Relationship between ISO 13485 and key device lifecycle activities
ISO 13485 structures all phases of the product, from design to post-market surveillance.
| Life cycle stage | Associated ISO 13485 requirements |
|---|---|
| Design and development | Planning, change control, verification and validation |
| Material selection | Risk assessment and traceability |
| Preclinical trials | Planning, validation of methods, control of equipment |
| External testing | Laboratory evaluation and qualification |
| Production | Process validation and document control |
| Product release | Final review and compliance |
| Marketing | Traceability and batch control |
| Post-market surveillance | Incident and corrective action management |
This table is especially useful for quality and regulatory managers, as it shows how the standard is not limited to audits, but conditions the entire technical validation strategy.
Role of ISO 13485 in testing and technical validation
One of the least understood aspects of the standard is its direct impact on medical device testing. ISO 13485 requires that:
- Critical assays are planned, documented and validated.

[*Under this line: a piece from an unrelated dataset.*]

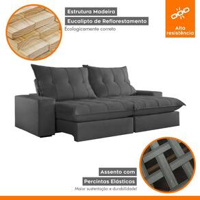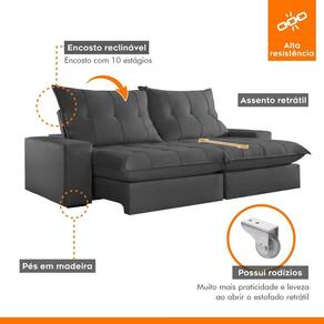 Sofá Retrátil e Reclinável com Catraca Blindada 230cm Porto Jolie/Grafite - Cinza
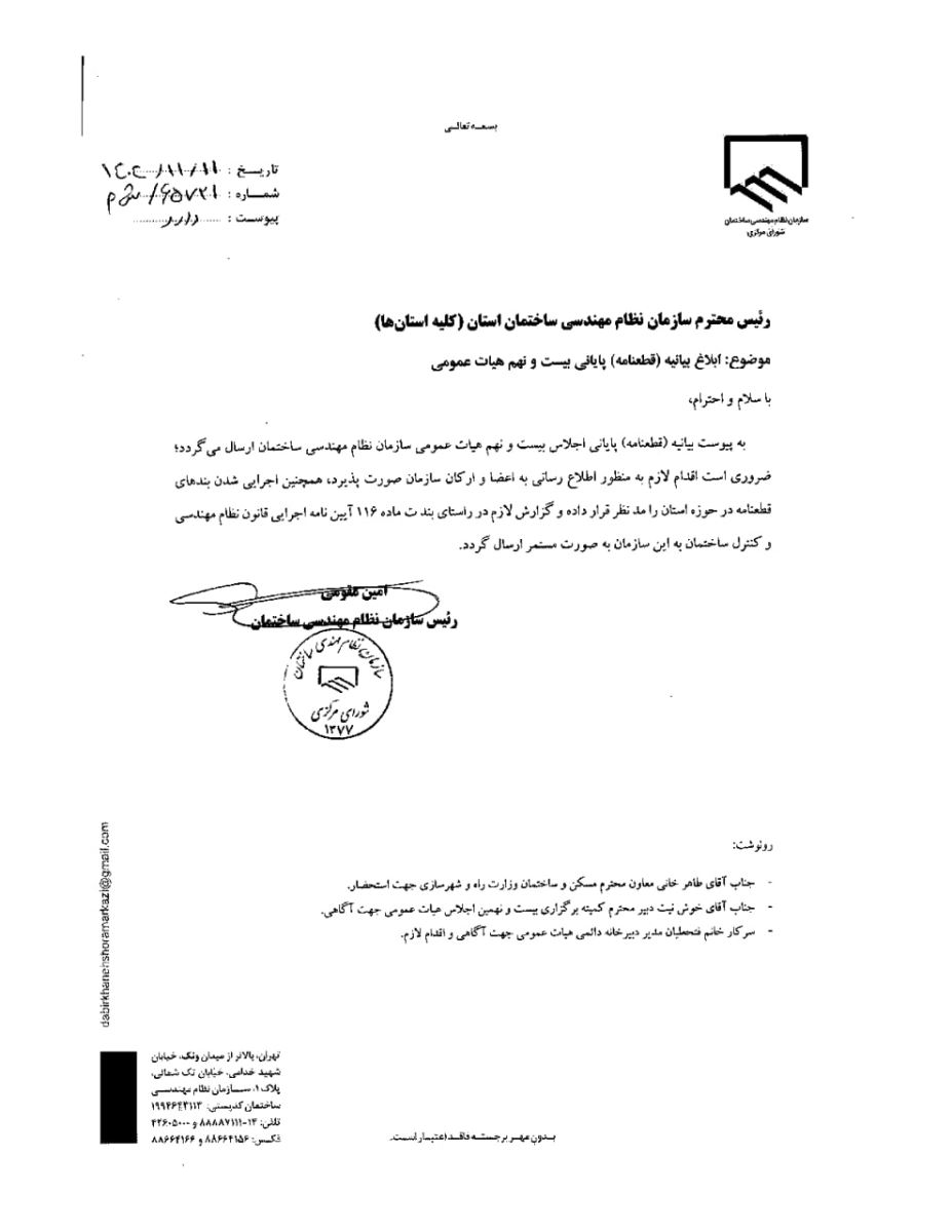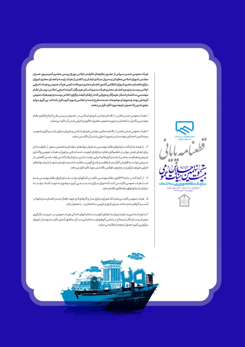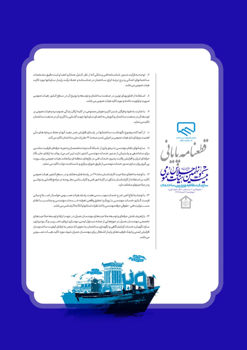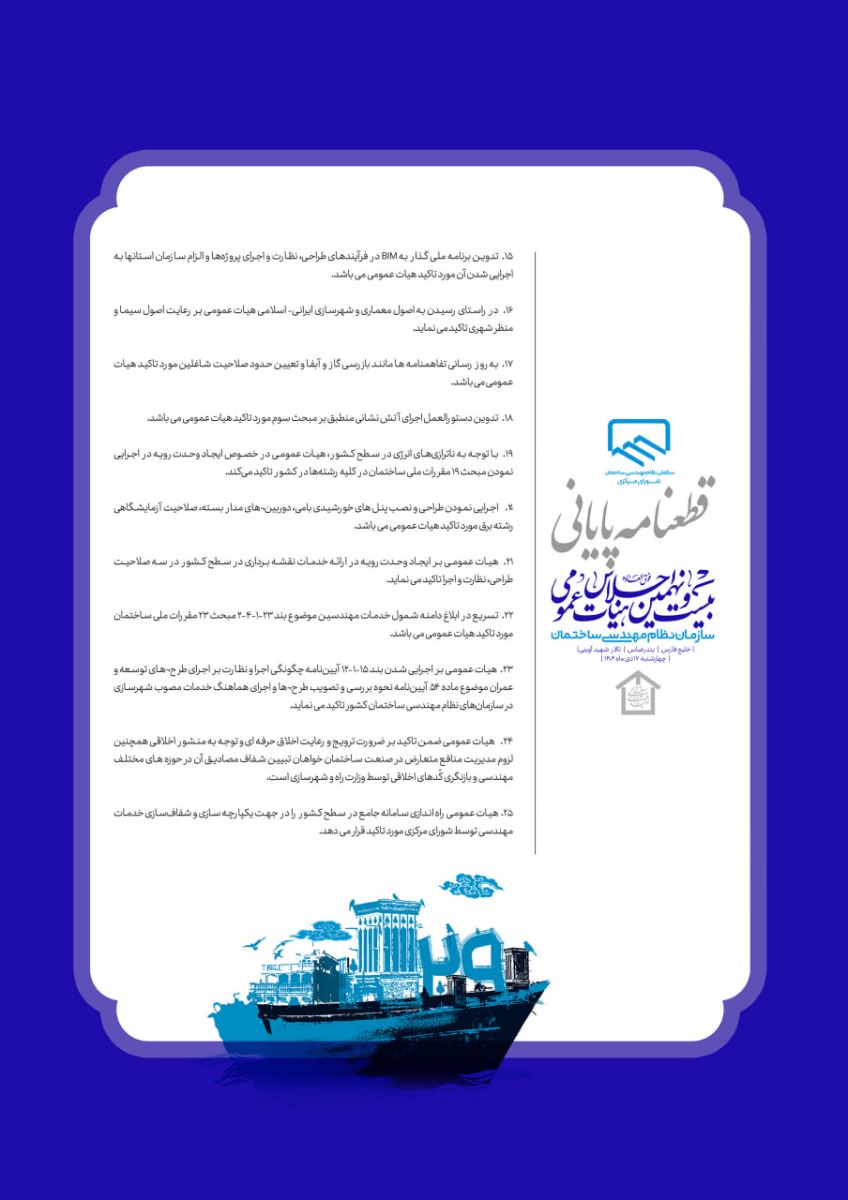 💠قطعنامه بیست و نهمین اجلاس هیأت عمومی سازمان نظام مهندسی ساختمان

- Measuring equipment is calibrated and controlled.
- External testing providers (laboratories) are evaluated and qualified.
- The results are integrated in a traceable manner in the technical file.
This means that working with ISO/IEC 17025 accredited laboratories, such as those of the IBV, greatly facilitates compliance with ISO 13485, as the test reports provide additional technical and regulatory guarantees.
Who does ISO 13485 apply to?
The standard is not limited to end manufacturers. It also applies to:
- design and development companies,
- manufacturers of critical components,
- laboratories that perform tests for medical devices.
- distributors and service companies related to medical devices.
Any organization that influences the security or performance of the device may be affected by your requirements.
Real benefits of implementing ISO 13485
Beyond regulatory compliance, proper implementation of ISO 13485 brings strategic benefits:
- reduction of errors and reprocessing,
- greater consistency between design, testing and production,
- improvement of the relationship with notified bodies,
- more agile access to international markets,
- greater customer and partner confidence.
When the standard is used as a management tool and not just as a formality, it becomes a key asset for the manufacturer’s competitiveness.